**Activity:**
Copy from the first line below down to and including the line with "La madonnina fu". Skip the pictures.

**Records from a collection:**
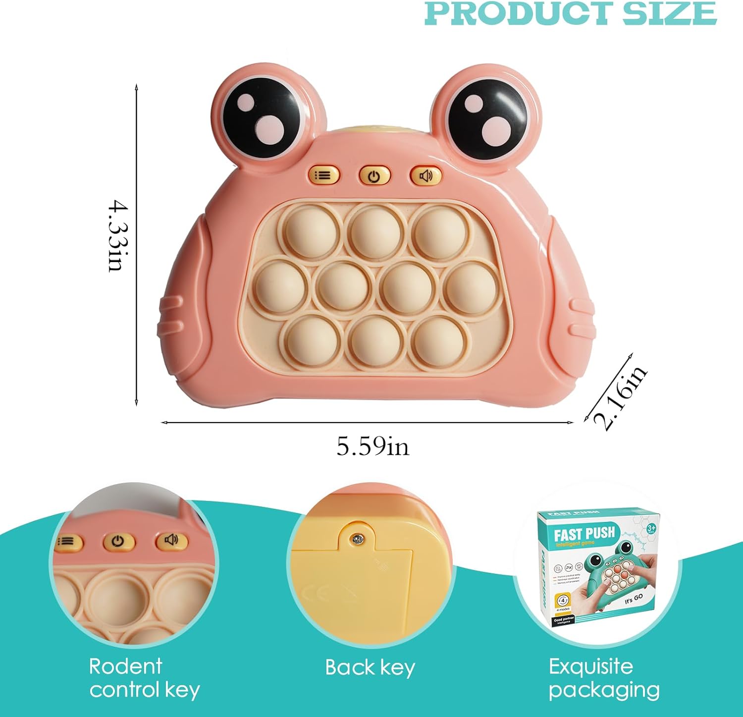 Pop Fidget Toys, Quick Push Bubble Pop Puzzle Games for Kids & Adults, Family, Party Game for 3 4 5 6 7 8 Year Gifts(Pink)
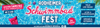 In diesem Jahr ist es nun endlich wieder soweit: Rosbach feiert sein traditionelles Schwimmbadfest in altbewährter Form am letzten Ferienwochenende der Sommerferien! Der Magistrat der Stadt Rosbach v. d. Höhe veranstaltet zusammen mit den Rodheimer Weihnachtsmännern und der Tanzgarde Rodheim ein buntes, spaßiges Schwimmbadfest im neu renovierten Freibad in Rodheim.
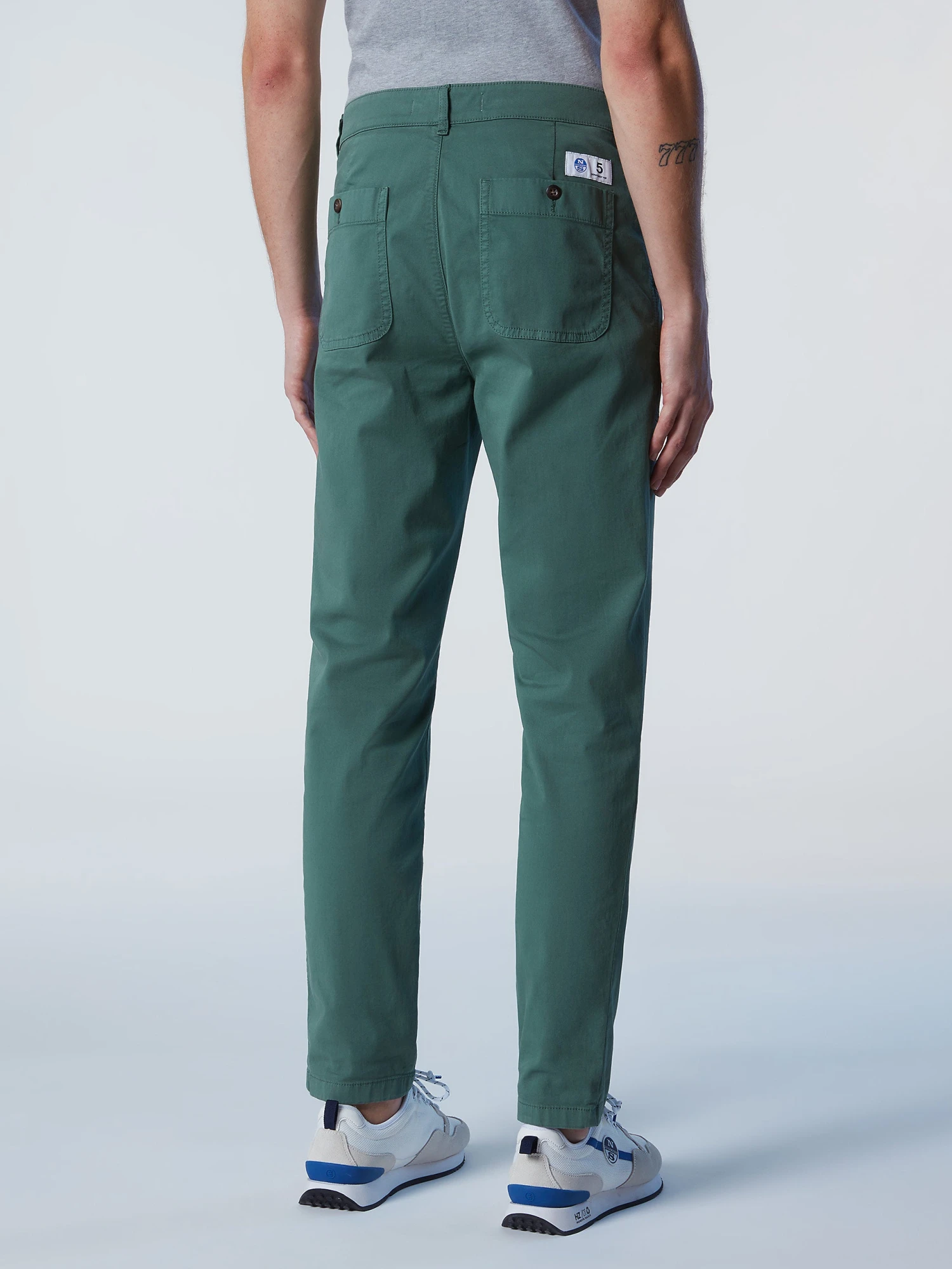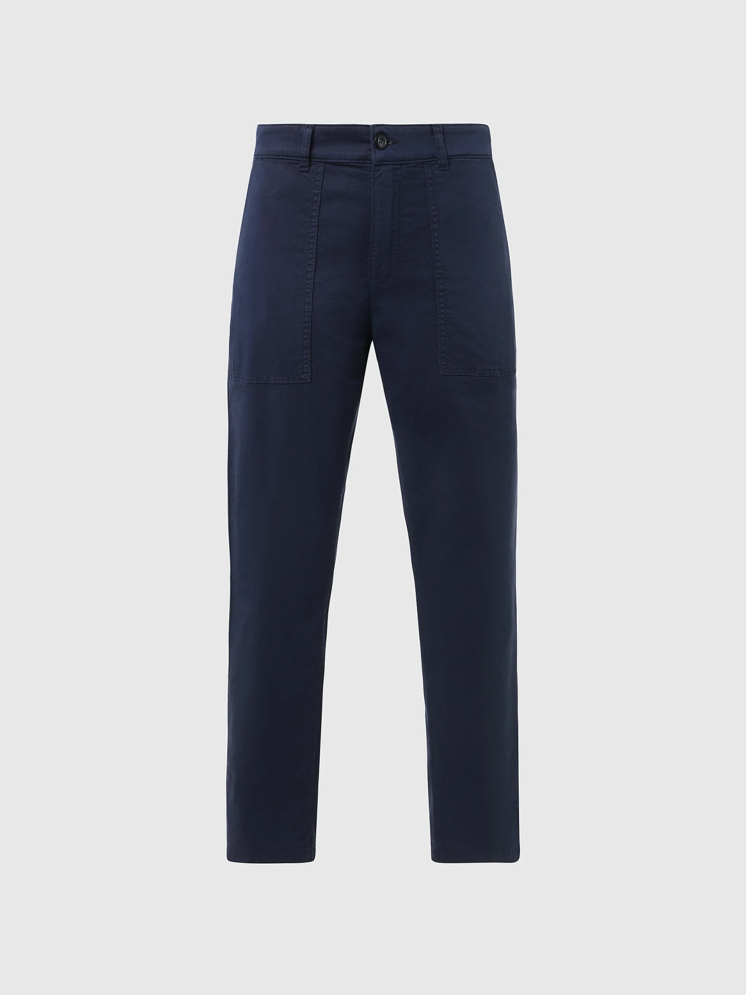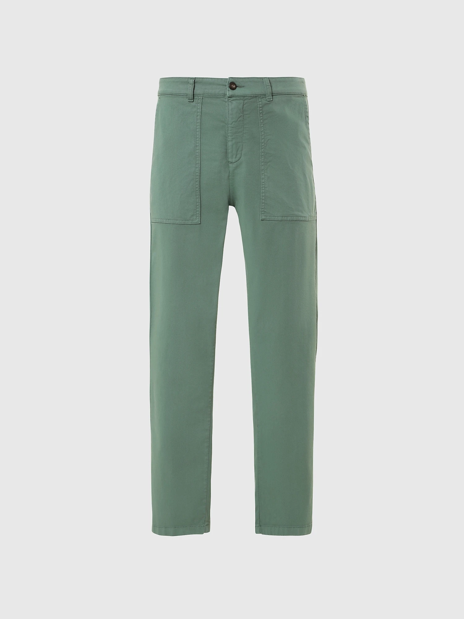 Men’s fatigue pants made from stretch organic cotton gabardine. Slim-fit straight-leg style with slant pockets and a tonal logo patch on the back.
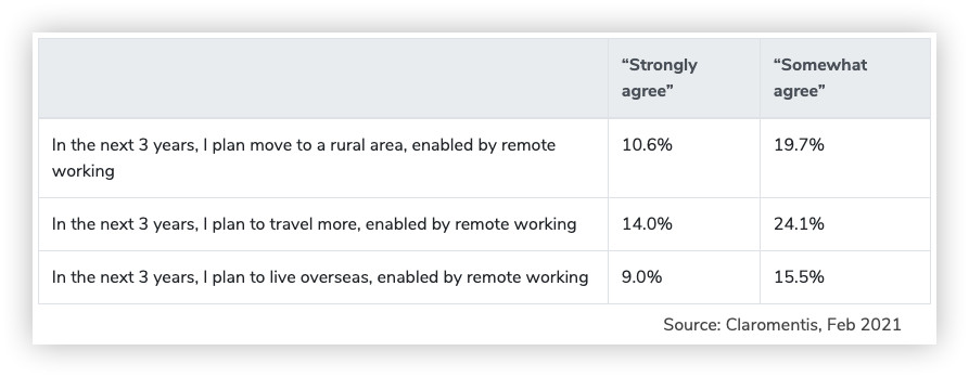 | In the next 3 years, I plan to live overseas, enabled by remote working | 9.0% | 15.5% |
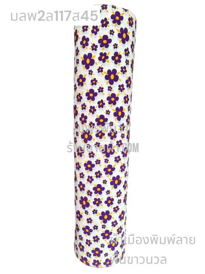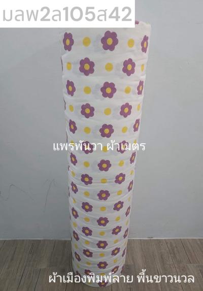 ผ้าเมืองพิมพ์ลาย-พื้นขาว พื้นขาวนวล ลายดอกดวง สีม่วงเข้ม
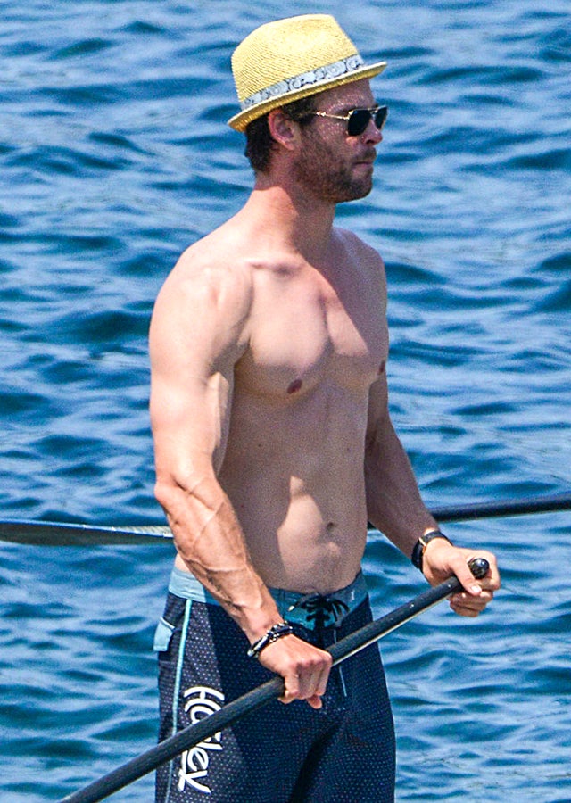 Nah, it’s just our very own God of Thunder on a paddle board in France! Look how jovial he is to be there! Hemsworth was vacationing off the Island of Corsica over the Fourth of July weekend and appears to have been shirtless basically the whole time.
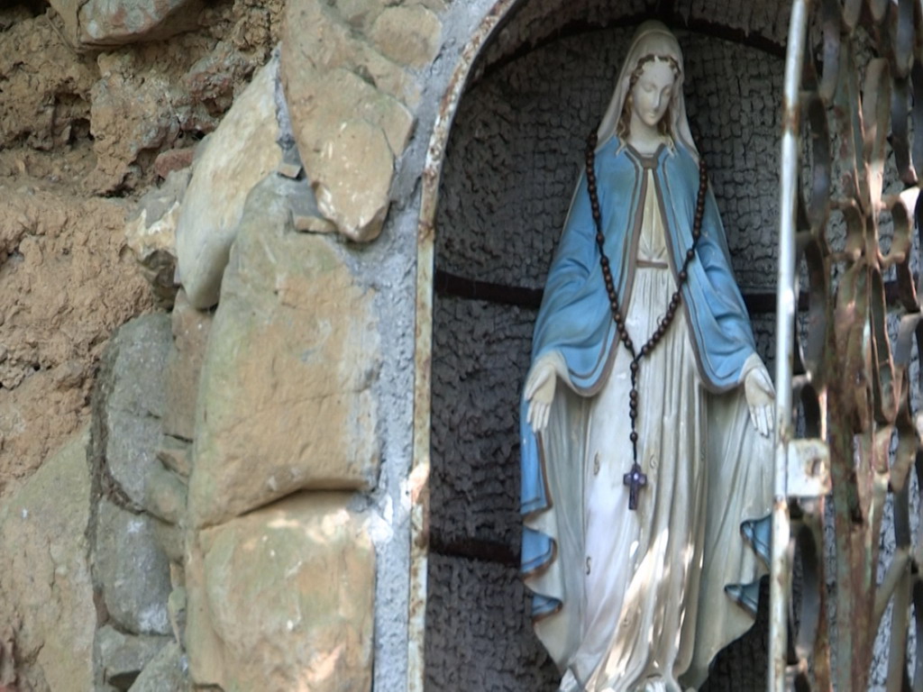 La madonnina fu posta nella zona delle così dette 'Vasche delle Acque Nere', nel 1997, da un gruppo di cacciatori al di sotto di uno scoglio roccioso sporgente che piu' di una volta fu riparo di cacciatori e fungaioli sorpresi dalle intemperie. Così per ringraziamento in quell'anno alcuni cacciatori decisero di redigere questa piccola edicola con all'interno la statua di una madonnina.
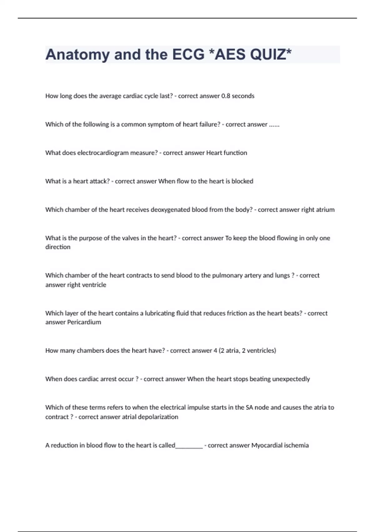 Anatomy and the ECG AES QUIZ How long does the average cardiac cycle last? - correct answer 0.8 seconds Which of the following is a common symptom of heart failure? - correct answer ...... What does electrocardiogram measure? - correct answer Heart function What is a heart attack? - correct answer When flow to the heart is blocked Which chamber of the heart receives deoxygenated blood from the body? - correct answer right atrium What is the purpose of the valves in the heart? - correct answer To keep the blood flowing in only one direction Which chamber of the heart contracts to send blood to the pulmonary artery and lungs ? - correct answer right ventricle Which layer of the heart contains a lubricating fluid that reduces friction as the heart beats? - correct answer Pericardium How many chambers does the heart have? - correct answer 4 (2 atria, 2 ventricles) When does cardiac arrest occur ? - correct answer When the heart stops beating unexpectedly Which of these terms refers to when the electrical impulse starts in the SA node and causes the atria to contract ? - correct answer atrial depolarization A reduction in blood flow to the heart is called________ - correct answer Myocardial ischemia Which of the following are groups at high risk for cardiac emergencies that may appear with atypical symptoms? - correct answer Women, elderly, diabetic Which wave of the ECG cycle shows repolarization? - correct answer T Which wave of the ECG cycle shows repolarization? - correct answer ...... Which of the following is true? - correct answer Electrical impulses in the heart cause the muscles to contract. Which of these tissues is known as the body's "natural pacemaker ?" - correct answer SA node Which component of the ECG cycle shows ventricular depolarization? - correct answer QRS The stiffening of blood vessels due to fatty plaque buildup is called________ - correct answer Atherosclerosis Where is the heart located? - correct answer In the left-side of the thoracic cavity Which layer of the heart is made of muscle tissue and pumps the blood through the system ? - correct answer myocardium Which wave of the ECG cycle shows atrial depolarization? - correct answer P What is the contraction phase of a heartbeat ? - correct answer systole
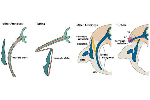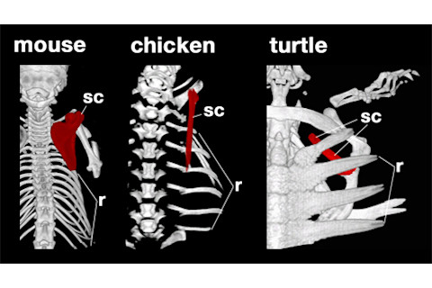 In the turtle, early embryos share the basic plan as those of mice and chickens, but there are subtle differences. The shoulder blade is positioned further forward and the ribs themselves are much shorter, never reaching down into the embryo's flanks. As it grows, things change dramatically.
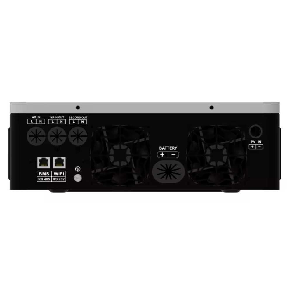 Современные интерфейсы: Наличие разъемов RS232, RS485, WIFI, GPRS и возможности работы с литиевыми батареями позволяет интегрировать инвертор в современные системы управления и мониторинга.
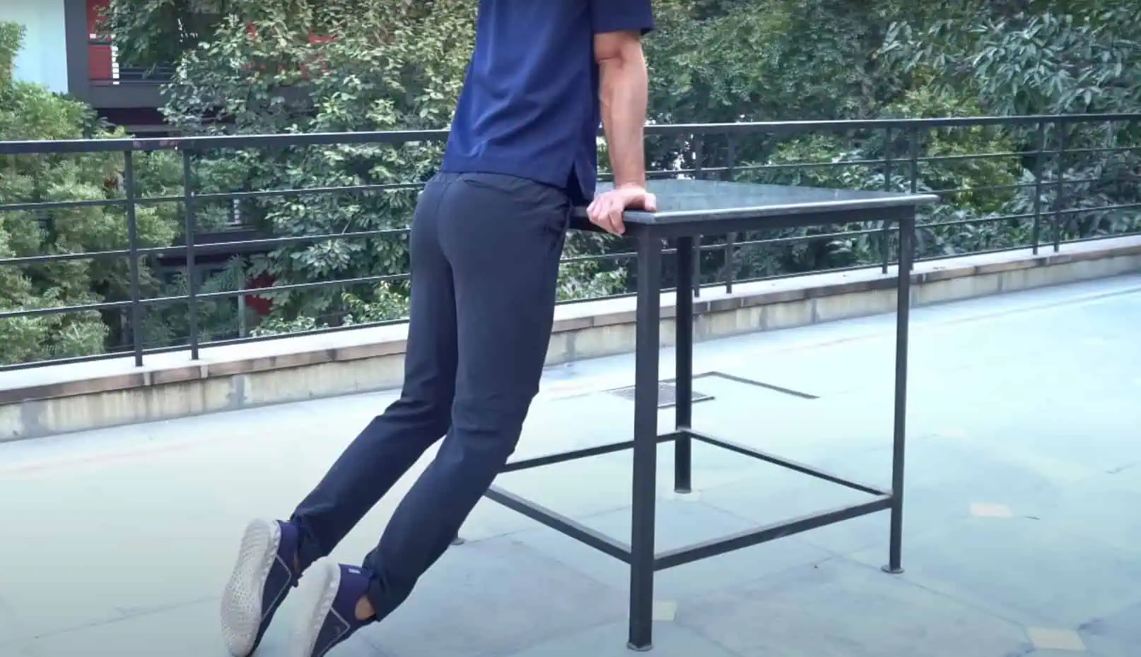Použite pevnejší stôl do ktorého sa zaprite dlaňami a nadvihnite telo tak, aby ste sa dotýkali zeme len prstami na nohách.

**Answer to this task:**
 Pop Fidget Toys, Quick Push Bubble Pop Puzzle Games for Kids & Adults, Family, Party Game for 3 4 5 6 7 8 Year Gifts(Pink)
 In diesem Jahr ist es nun endlich wieder soweit: Rosbach feiert sein traditionelles Schwimmbadfest in altbewährter Form am letzten Ferienwochenende der Sommerferien! Der Magistrat der Stadt Rosbach v. d. Höhe veranstaltet zusammen mit den Rodheimer Weihnachtsmännern und der Tanzgarde Rodheim ein buntes, spaßiges Schwimmbadfest im neu renovierten Freibad in Rodheim.
 Men’s fatigue pants made from stretch organic cotton gabardine. Slim-fit straight-leg style with slant pockets and a tonal logo patch on the back.
 | In the next 3 years, I plan to live overseas, enabled by remote working | 9.0% | 15.5% |
 ผ้าเมืองพิมพ์ลาย-พื้นขาว พื้นขาวนวล ลายดอกดวง สีม่วงเข้ม
 Nah, it’s just our very own God of Thunder on a paddle board in France! Look how jovial he is to be there! Hemsworth was vacationing off the Island of Corsica over the Fourth of July weekend and appears to have been shirtless basically the whole time.
 La madonnina fu posta nella zona delle così dette 'Vasche delle Acque Nere', nel 1997, da un gruppo di cacciatori al di sotto di uno scoglio roccioso sporgente che piu' di una volta fu riparo di cacciatori e fungaioli sorpresi dalle intemperie. Così per ringraziamento in quell'anno alcuni cacciatori decisero di redigere questa piccola edicola con all'interno la statua di una madonnina.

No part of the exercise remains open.